AutoFDO compilation has two places that do inlining - the sample profile loader that does inlining with context sensitive profile, and the regular inliner as CGSCC pass. Ideally we want most inlining to come from sample profile loader as that is driven by context sensitive profile and also retains context sensitivity after inlining. However the reality is most of the inlining actually happens during regular inliner. To track the number of inline instances from sample profile loader and help move more inlining to sample profile loader, I'm adding statistics and optimization remarks for sample profile loader's inlining.
However the reality is most of the inlining actually happens during regular inliner.
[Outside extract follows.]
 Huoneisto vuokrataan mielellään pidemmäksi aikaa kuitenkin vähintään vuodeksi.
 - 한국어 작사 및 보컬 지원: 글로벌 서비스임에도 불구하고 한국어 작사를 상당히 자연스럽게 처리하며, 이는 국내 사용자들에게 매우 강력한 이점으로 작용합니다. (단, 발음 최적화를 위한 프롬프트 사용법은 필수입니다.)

I would imagine among all the functions with inline instance in profile, only those small and warm/cold functions which are not inlined in early inliner will be inlined in regular inliner. The number of those small/warm and small/cold functions may be large. We found it was helpful to inline warm functions before (but have to pay some cost of code size increase. It is better to only inline small/warm functions). For small and cold functions, I think it doesn't matter whether they are inlined early or late.
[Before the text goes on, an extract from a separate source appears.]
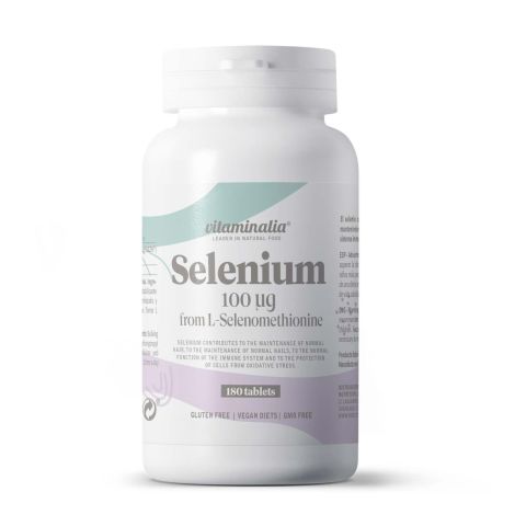 Selenio 100mcg - 180 Tabs de Vitaminalia es un complemento alimenticio en tabletas, elaborado a base de L-Seleniometionina, una forma del oligoelemento Selenio.

It is helpful to collect some optimization remarks here, so thanks for the patch.
The first parameter in the declaration of OptimizationRemark is "const char *PassName", so why not use DEBUG_TYPE?
I feel "NeverInline" may be more clear than "NotInline" in terms of showing it is illegal to inline.
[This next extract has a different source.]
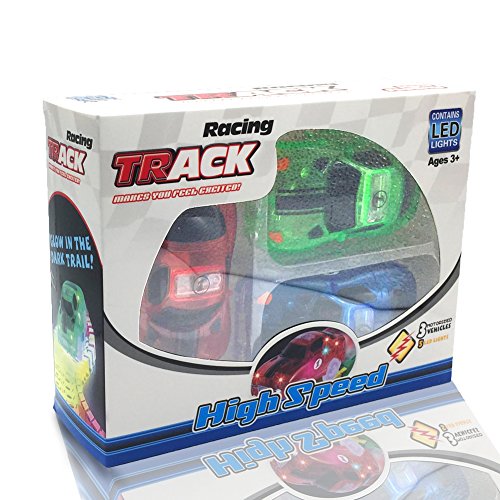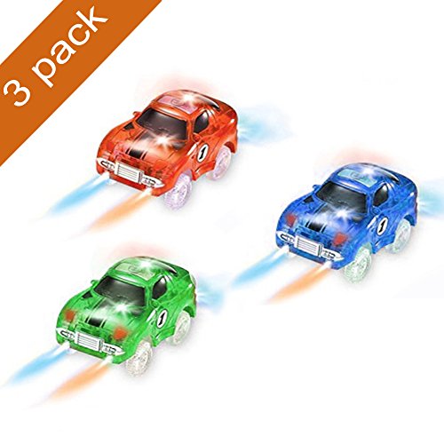 Track Cars Light Up Toy Car With 5 Flashing LED Lights Glow in the Dark Racing Track Accessories Compatible with Most Tracks(Pack of 3)

Not inlined candidate may be reported multiple times here because of the iterative outer loop.
I guess you put the OptimizationRemark here because you want to know the exact reason of why the candidate with inline instance in profile is not inlined (here the reason is not hot enough), then some more information should be emitted to explain it.
If you don't care the exact reason, then it is better to generate the optimization remark in the loop iterating localNotInlinedCallSites. localNotInlinedCallSites contains all the candidates with inline instance in profile but not being inlined for whatever reason including the reason of "not hot enough".
Test new pass manager as well.
rename the vars with just a number.
I would imagine among all the functions with inline instance in profile, only those small and warm/cold functions which are not inlined in early inliner will be inlined in regular inliner.
Yes, small functions are the majority. But there're still others.
For small and cold functions, I think it doesn't matter whether they are inlined early or late.
It matters for post-inline profile quality. If it's inlined early by replay inliner of sample loader, the context sensitive profile will be kept. However, if replay inliner rejects them, and later they got inlined by CGSCC inliner, we will have to do count scaling for inlinee so it's not as accurate as if we inline early and preserve context-sensitive profile. This doesn't matter much for the result of inline decision, but it matters for post-inline profile quality which can affect block layout later.
DEBUG_TYPE is "sample-profile" and I feel it's too broad for practical uses as it covers sample usages, weight propagation, and inlining. I wanted to have something that only gives me inlining remarks, thus using "sample-profile-inline" instead here.
Good point about "NeverInline", will change.
Yes, I care about the reasons. I will change the message to make the reason explicit in the output remarks.
Restructured remarks sample profile loader inlining:
- Split into InlineAttempt, InlineSuccess and InlineFail for remark names.
- Use OptimizationRemark only for InlineSuccess and OptimizationRemarkAnalysis for the rest.